§ **Stored data**:
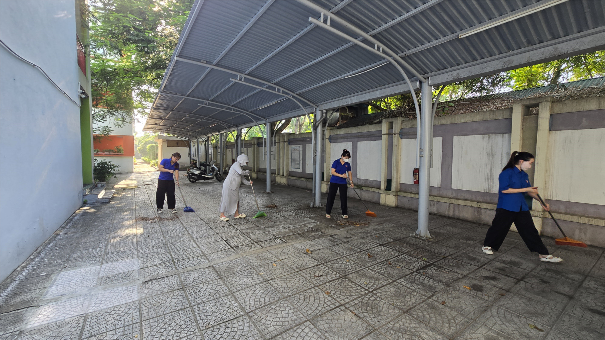 Toàn thể cán bộ, giáo viên đã cùng nhau cắt tỉa cây hoa, nhổ cỏ ở vườn trường, dọn dẹp, lau chùi vệ sinh bàn ghế, lớp học đảm bảo môi trường xanh, sạch, đẹp và an toàn. Trên tinh thần tất cả vì học sinh thân yêu, các cán bộ, giáo viên và nhân viên nhà trường đều phấn khởi, tích cực tham gia lao động. Các bác bảo vệ đã sửa chữa, bảo dưỡng, vệ sinh tất cả các đồ dùng, trang thiết bị như quạt, điều hoà, bình nóng lạnh, thay bóng đèn, bảng biểu. Bên cạnh đó, các cô giáo đã giặt toàn bộ chăn, gối, màn, đồ chơi của trẻ, phơi khô sạch sẽ thơm tho…việc làm này có ý nghĩa hết sức thiết thực giúp cho nhà trường có một khuôn viên sạch sẽ, đảm bảo an toàn, giúp các bậc phụ huynh cũng như các bé có một tâm thế yên tâm đến trường, sẵn sàng chào đón năm học mới một cách tích cực, phấn khởi.
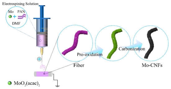 2.1. Preparation of Mo-Doped Carbon Nanofibers
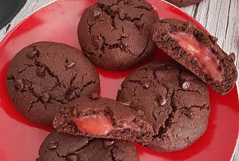 Para esta ocasión, quería inspirarme en una receta la conocida marca americana Chips Ahoy! ha creado para la última temporada. Las Upside-Down Cookies reflejan el portal de color oscuro con el rojo viscoso interior. En mi caso he horneado unas galletas de chocolate negro con relleno de puré de fresas que recuerdan a esa abertura hacia el otro mundo. La combinación es muy rica y crea un efecto sorpresa cuando vemos el rojo interior. ¡Pasamos a la receta!
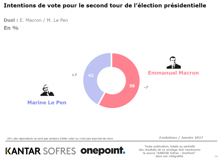 Le candidat "En Marche!" deviendrait président avec 58% des voix, contre 42% pour la candidate frontiste : c'est un recul de 7 points en un mois. Les déclarations de l'ancien ministre de l'Économie sur la colonisation ont peut-être ici leur effet, puisque le report en sa faveur des électeurs de François Fillon du premier tour recule. S'il atteignait le second tour face à Marine Le Pen, le candidat de la droite et du centre ne remporterait la présidentielle qu'avec 55% des voix, contre 45% pour Marine Le Pen. Un résultat en recul de 5 points.
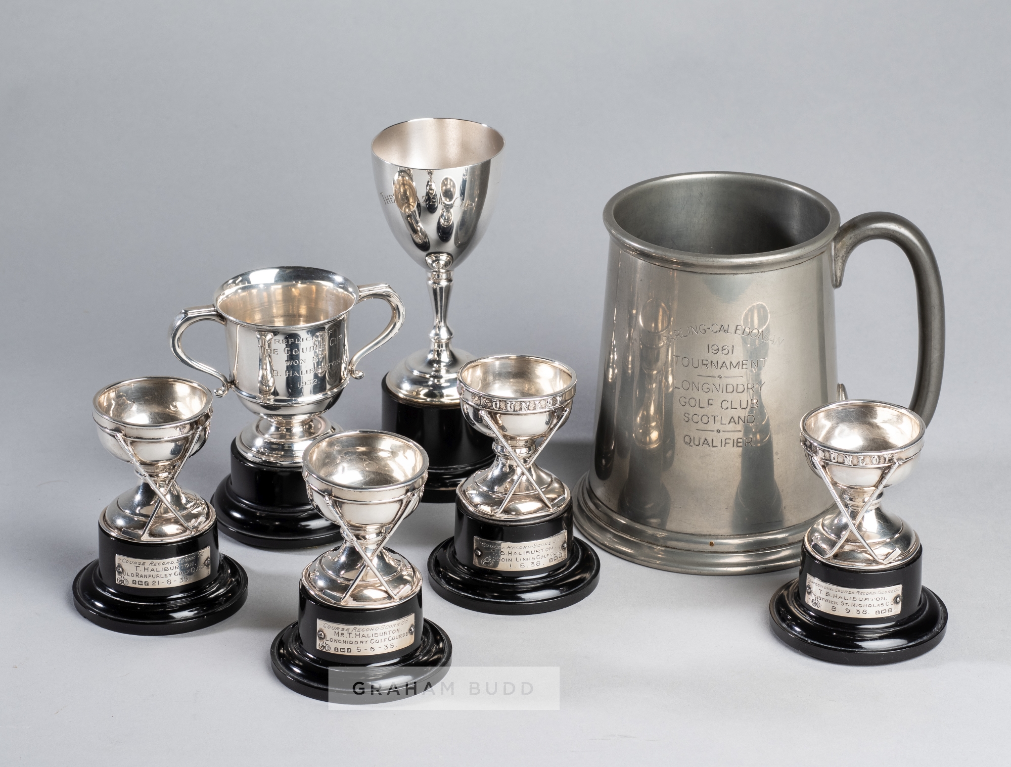 Five silver trophies awarded to the golfer Tom Haliburton between 1932 and 1936, comprising replica of the Goudie Cup won by T.B. Haliburton 1932, twin-handled squat trophy cup engraved, Birmingham 1932 Barker Brothers Silver Ltd, upon a black socle base, total height 9cm; two Dunlop squat trophies with DUNLOP lettering and two golf clubs crossed over, Birmingham 1934 by Elkington & Co Ltd, each raised upon black socle bases with silver engraved plaques for course record scores in 1936, total height 8cm; two squat trophies with two golf clubs crossed over, Birmingham 1913 by Elkington & Co Ltd, each raised upon black socle bases with silver engraved plaques for course record scores in 1935, total height 8cm, total silver weight 154gm.; sold together with The Glazer cup trophy cup with black socle base, silver-plated, total height 13cm; Carling-Caledonian 1961 tournament, Longniddry golf club Scotland qualifier tankard, pewter tankard, height 12cm., (7)
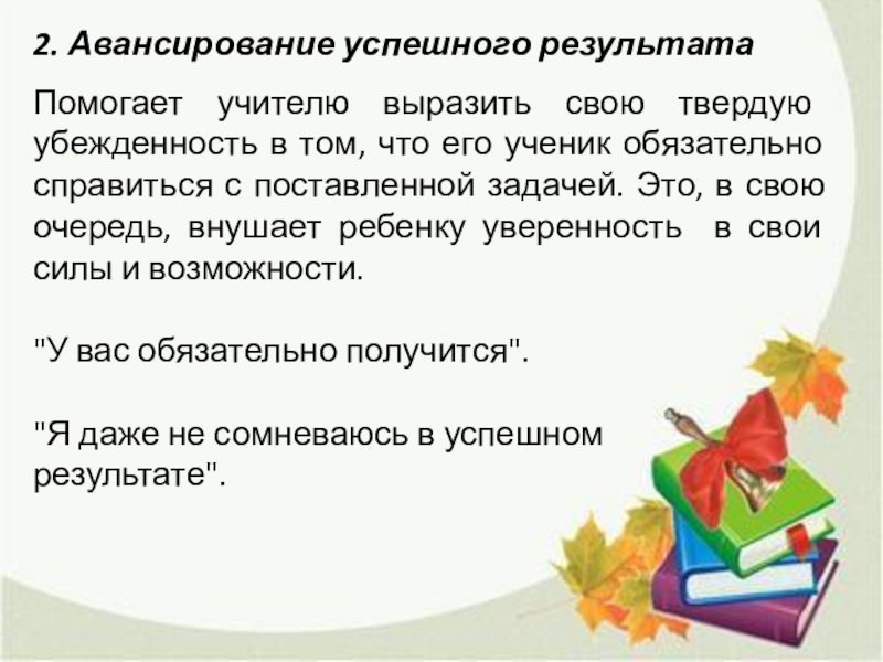 что его ученик обязательно справиться с поставленной задачей. Это, в свою очередь, внушает ребенку уверенность в свои силы и возможности.
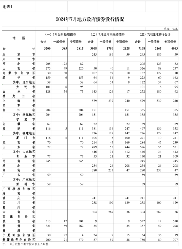 2024年7月,全國發行新增債券3200億元,其中一般債券385億元、專項債券2815億元。全國發行再融資債券3908億元,其中一般債券1780億元、專項債券2128億元。合計,全國發行地方政府債券7108億元,其中一般債券2165億元、專項債券4943億元。
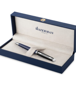 Hemijska olovka WATERMAN Hemisphere Black-Blue CT Pakovanje sadrži: Hemijsku olovku. Originalni Waterman refil u plavoj boji. Originalna poklon kutija. Dimenzija zatvorene olovke: Dužina: 132.00mm / Širina: 10.00mm / Težina: 26g * Rezervnu minu za hemijsku olovku možete kupiti u plavoj ili crnoj boji mastila – Refili za hemijske olovke Olovke sa karakterom, spoj smelog pariskog stila, spremnog za akciju u bilo kom trenutku i klasične jednostavnosti koju pružaju meke zakrivljene linije i uski oblik sveće. Hemisphfere će Vas izdvojiti iz gomile kroz eleganciju opšteg izgleda i smeli pristup u rasponu boja, metalik efektima ili lakiranim akcentima. Uz povećanu pažnju posvećenu jednostavnosti linija i prefinjenosti detalja, čist dizajn i dinamična kombinacija plemenitih materijala učiniće pisanje inspirativnom estetskom vežbom. Savršeno izbalansirani, neupadljivi, ali sa posebnom notom naglašenom dobro usklađenim finim dodacima, instrumenti ovog raspona biće primećeni u svim okolnostima.
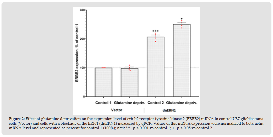 To investigate a possible role of endoplasmic reticulum stress response in the control of EGFR, ERBB2, TOB1, and CEBPB gene expressions in U87MG glioblastoma cells under low glutamine conditions we studied the impact of glutamine deprivation on the expression of these genes in control glioblastoma cells (transfected by empty vector) and cells with ERN1 knockdown. As shown in Figure 1, the expression of EGFR mRNA does not significantly change in control glioblastoma cells after exposure to glutamine deprivation in comparison with the cells growing in a complete DMEM medium. However, inhibition of enzymatic activity of ERN1 signalling protein by dnERN1 is enhanced the sensitivity of EGFR gene expression to this experimental condition. Thus, the level of this mRNA expression is increased by 27 % (p < 0.05) in cells without the enzymatic activities of the ERN1 signalling protein (Figure 1). Next, we investigated the effect of glutamine deprivation on the expression of gene encoding ERBB2 with inhibition of ERN1 function. As shown in Figure 2, the expression of this gene is resistant to glutamine deprivation resulting in control glioblastoma cells in comparison with no treated cells (control 1). At the same time, ERN1 knockdown also increases the sensitivity of ERBB2 gene expression to glutamine deficiency (+21 %; Figure 2). We also investigated the effect of glutamine deprivation condition on the expression of TOB1 (transducer of ERBB2, 1) gene in U87MG glioblastoma cells with ERN1 knockdown.

§ **Task statement**:
Please repeat, exactly as written, the lines in the records above, starting with the one that has "2.1. Preparation of" and going on through the one that has "2024年7月,全國發行新增". Pictures are to be left out.

§ **Output of the task**:
 2.1. Preparation of Mo-Doped Carbon Nanofibers
 Para esta ocasión, quería inspirarme en una receta la conocida marca americana Chips Ahoy! ha creado para la última temporada. Las Upside-Down Cookies reflejan el portal de color oscuro con el rojo viscoso interior. En mi caso he horneado unas galletas de chocolate negro con relleno de puré de fresas que recuerdan a esa abertura hacia el otro mundo. La combinación es muy rica y crea un efecto sorpresa cuando vemos el rojo interior. ¡Pasamos a la receta!
 Le candidat "En Marche!" deviendrait président avec 58% des voix, contre 42% pour la candidate frontiste : c'est un recul de 7 points en un mois. Les déclarations de l'ancien ministre de l'Économie sur la colonisation ont peut-être ici leur effet, puisque le report en sa faveur des électeurs de François Fillon du premier tour recule. S'il atteignait le second tour face à Marine Le Pen, le candidat de la droite et du centre ne remporterait la présidentielle qu'avec 55% des voix, contre 45% pour Marine Le Pen. Un résultat en recul de 5 points.
 Five silver trophies awarded to the golfer Tom Haliburton between 1932 and 1936, comprising replica of the Goudie Cup won by T.B. Haliburton 1932, twin-handled squat trophy cup engraved, Birmingham 1932 Barker Brothers Silver Ltd, upon a black socle base, total height 9cm; two Dunlop squat trophies with DUNLOP lettering and two golf clubs crossed over, Birmingham 1934 by Elkington & Co Ltd, each raised upon black socle bases with silver engraved plaques for course record scores in 1936, total height 8cm; two squat trophies with two golf clubs crossed over, Birmingham 1913 by Elkington & Co Ltd, each raised upon black socle bases with silver engraved plaques for course record scores in 1935, total height 8cm, total silver weight 154gm.; sold together with The Glazer cup trophy cup with black socle base, silver-plated, total height 13cm; Carling-Caledonian 1961 tournament, Longniddry golf club Scotland qualifier tankard, pewter tankard, height 12cm., (7)
 что его ученик обязательно справиться с поставленной задачей. Это, в свою очередь, внушает ребенку уверенность в свои силы и возможности.
 2024年7月,全國發行新增債券3200億元,其中一般債券385億元、專項債券2815億元。全國發行再融資債券3908億元,其中一般債券1780億元、專項債券2128億元。合計,全國發行地方政府債券7108億元,其中一般債券2165億元、專項債券4943億元。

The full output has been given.